Show HN: Beyond geometric similarity in vector databases (www.tuned.org.uk)

🤖 AI Summary
An experimental run of ArrowSpace’s spectral search (“taumode”) on a 1999–2025 CVE corpus (310,841 items encoded to 384‑dim vectors with a domain‑adapted model) shows that spectral similarity can preserve top‑rank agreement with cosine while materially improving long‑tail retrieval quality. Using ArrowSpaceBuilder to produce a Graph Laplacian–derived index and identical preprocessing/candidate pools, the authors compared cosine, a hybrid mode, and taumode (τ=0.62; lower τ like 0.22 looks promising).

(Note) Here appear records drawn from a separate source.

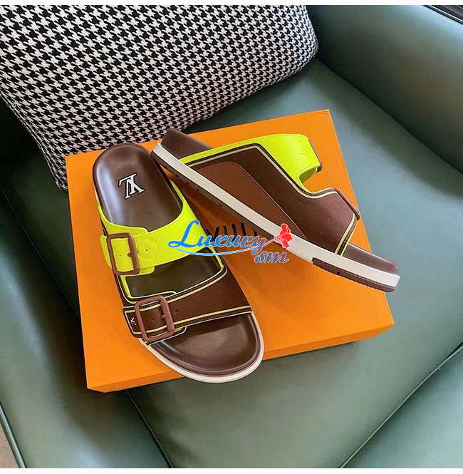 LOUIS VUITTON-1A8ZS9 루이비통 옐로우 스웨이드 LV 트레이너 뮬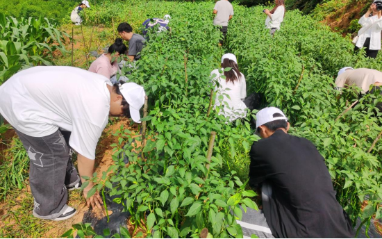 大学生志愿者们在村民辣椒地里清除杂草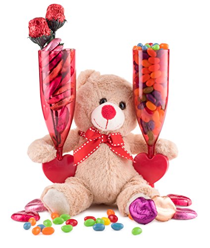 - Gift Includes Foil Wrapped Milk Chocolate Lips, Conversation Jelly Beans, 2 Red Plastic Champagne Flutes, Beige 7 inch Plush Teddy Bear, and 2 Red Foil Wrapped Milk Chocolate Roses.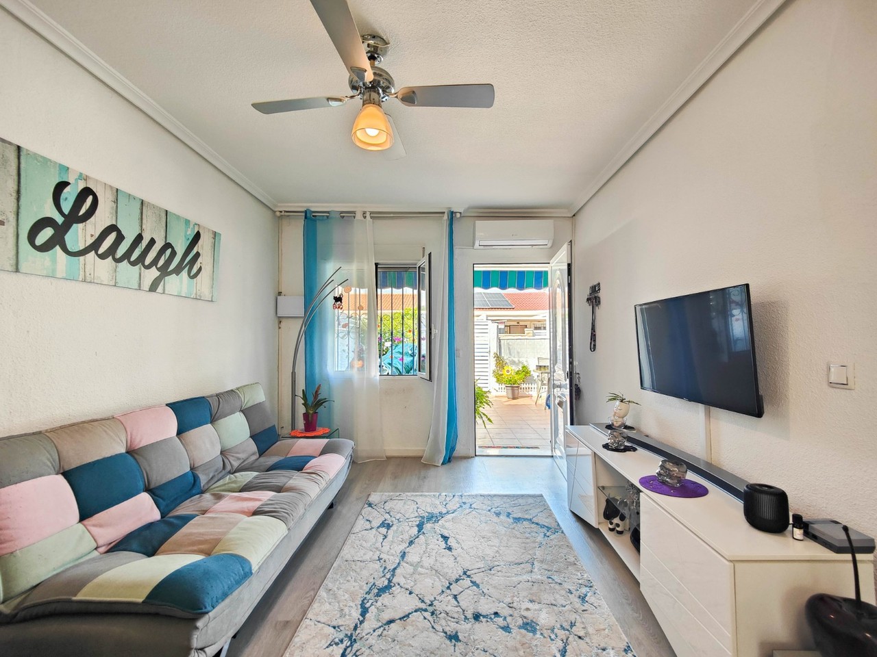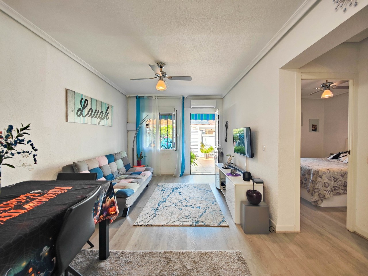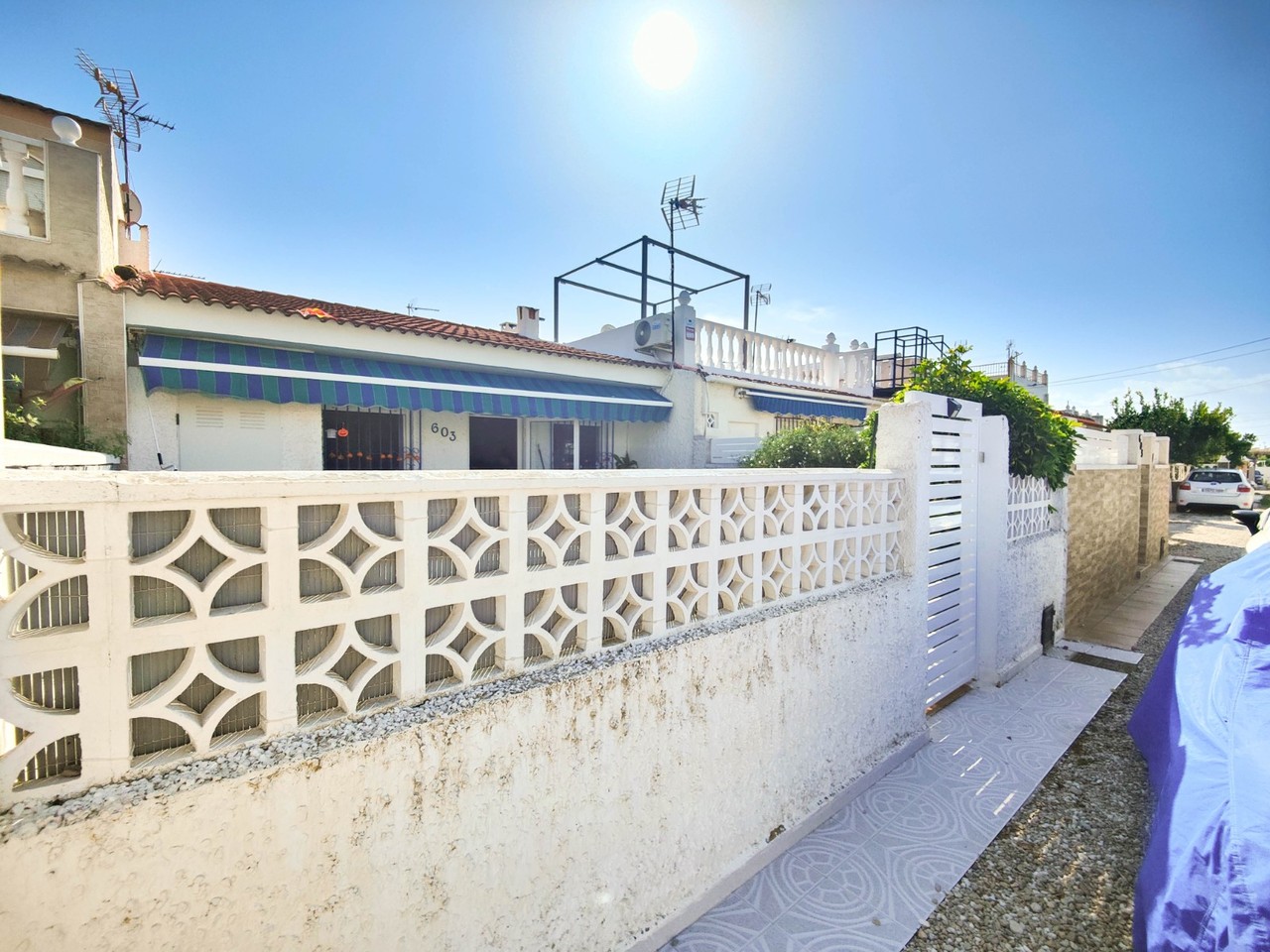 Charmante gerenoveerde gelijkvloerse bungalow te koop in de rustige urbanisatie La Torreta in Torrevieja, een populaire locatie aan de Costa Blanca dankzij de nabijheid van alle voorzieningen. De woning heeft geen bovenburen, wat zorgt voor extra privacy en rust. Er is een privé tuin van ongeveer 44 m² met een berging, ideaal om buiten te genieten van het mediterrane klimaat. De woning beschikt over 2 slaapkamers, 1 badkamer met inloopdouche en een lichte woon-eetkamer met open keuken, wat zorgt voor een moderne en praktische indeling. Met 42 m² bebouwd is de woning volledig gerenoveerd en instapklaar. Wordt gedeeltelijk gemeubileerd verkocht. Gelegen in een zeer rustige omgeving, maar dicht bij alle voorzieningen zoals scholen, supermarkten en openbaar vervoer. ✔ Geen gemeenschapskosten ✔ IBI slechts €100 per jaar ✔ Gemeenschappelijk parkeergelegenheid Een ideale woning als vakantiehuis, permanente woning of investering in Torrevieja.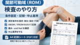 | 補助具・介助 | 常用の補助具は明記し、再評価も同条件にそろえる | 杖/歩行器、見守り/接触介助の有無 |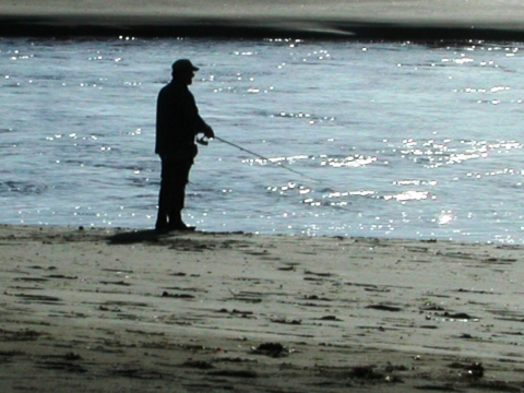 The sihouette of a sportfisherman is shown at the Sooes River.

Metrics: average NDCG@10 (taumode vs cosine) = 0.9886 (per‑query 0.9754–0.9953), hybrid vs cosine = 0.9988, while Tail/Head ratios rose from 0.9114 (cosine) → 0.9394 (hybrid) → 0.9593 (taumode). Build time was ~2,225s on a 12‑core CPU; the test used three analyst‑style queries (e.g., SQL injection in login endpoint). Technically, taumode encodes edgewise graph topology into a synthetic linear index (via the Laplacian) and acts like a “temperature” knob that reweights rather than disrupts geometry, keeping head fidelity but reducing tail decay. Normalized scoring and identical k‑selection ensured fair NDCG comparisons. Implications: spectral indexes can increase robustness to language drift and domain shift in long‑running corpora (useful for cyber‑threat triage and LLM in‑context retrieval), and the persisted ArrowSpace artifact supports apples‑to‑apples τ sweeps. Next steps include larger slices, automated regression checks, parquet storage, and GPU acceleration.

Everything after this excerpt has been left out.